Prezydent w swoim sięgającym niemal 750 mld dol. planie stymulacyjnym aż 100 mld dol. zarezerwował na oświatę. Pieniądze z federalnego budżetu miały iść na utrzymanie przeznaczonych wcześniej do likwidacji etatów nauczycielskich, programy zajęć pozalekcyjnych, wyposażenie klas oraz dożywianie najuboższych. Był to największy jednorazowy zastrzyk gotówki dla szkolnictwa w historii Stanów Zjednoczonych. Sekretarz edukacji Arne Duncan na samym początku ostrzegł szkoły i kuratoria, by nie wydawały wszystkiego od razu, bo potem może pojawić się poważny problem. Tymczasem odbiorcy rekordowej pomocy postąpili dokładnie odwrotnie. Udało się dzięki temu utrzymać bądź stworzyć miejsca pracy dla 250 tys. nauczycieli. Ale problemy zaczęły się, kiedy źródełko z programu stymulacyjnego zaczęło wysychać.
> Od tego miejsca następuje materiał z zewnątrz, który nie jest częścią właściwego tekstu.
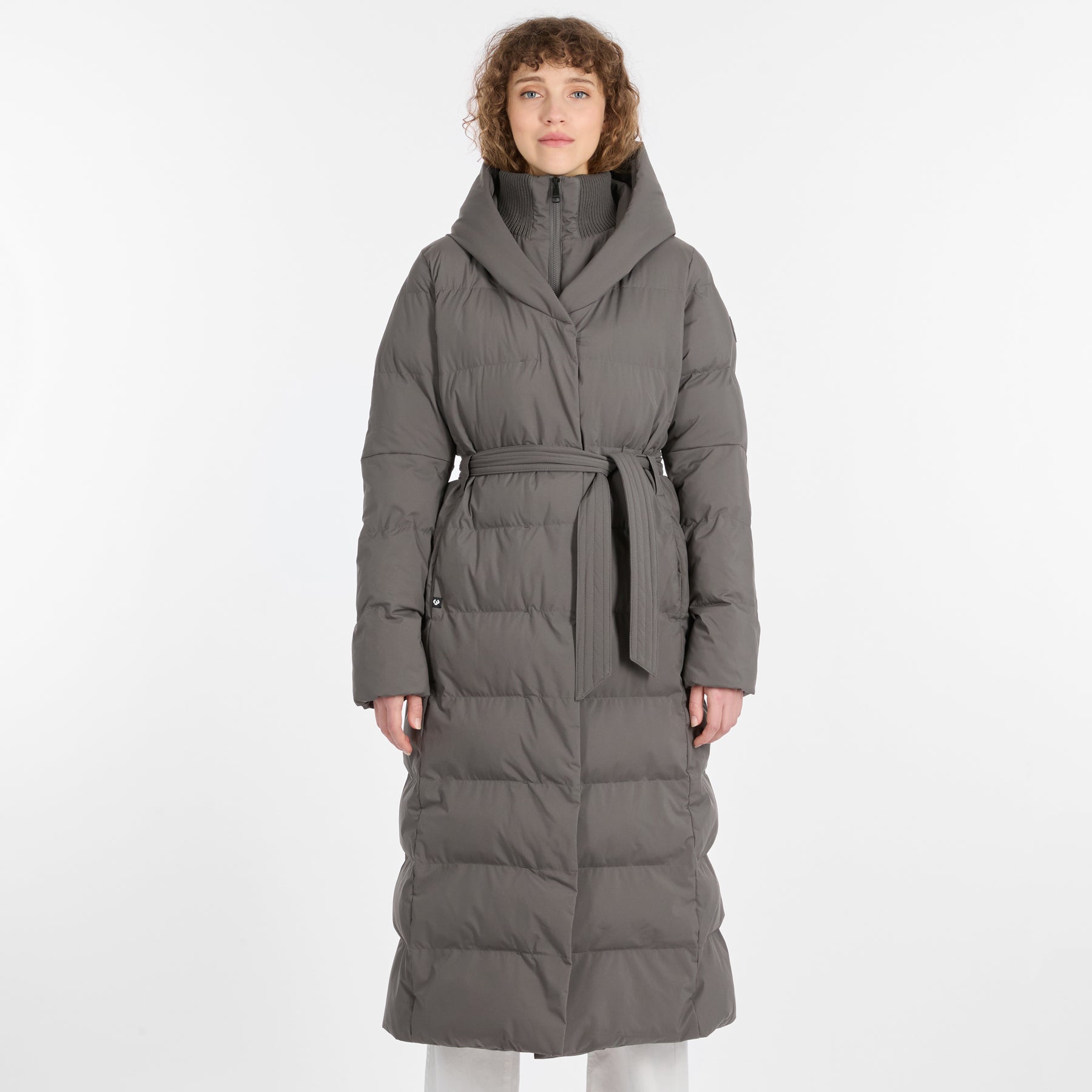 The NIANI LONG vegan quilted coat by ragwear combines timeless design with cozy warmth. Its thick padding keeps you reliably warm in cold weather, while the wide fabric belt highlights your waist and creates a feminine silhouette. The high ribbed collar and large hood offer extra protection against wind and cold. Elastic cuffs and side slit pockets add comfort and practicality, making this coat a perfect companion for winter days.

– Przebadaliśmy szkoły w 11 stanach od Nebraski po Nowy Jork. Dziewięć z nich wydało już dwie trzecie środków, resztę zostawiając na najbliższe dwa semestry – oświadczył David Sciarra z Education Law Center z uniwersytetu w Newarku podczas konferencji poświęconej kondycji szkolnictwa zorganizowanej przez Uniwersytet Columbia. Tymczasem według konkurencyjnego raportu naukowców z Teachers College w kolejnych 20 stanach, m.in. w New Jersey, Georgii, Florydzie i Waszyngtonie, władze szkół niemal natychmiast wydały całą sumę, jaką dysponowały.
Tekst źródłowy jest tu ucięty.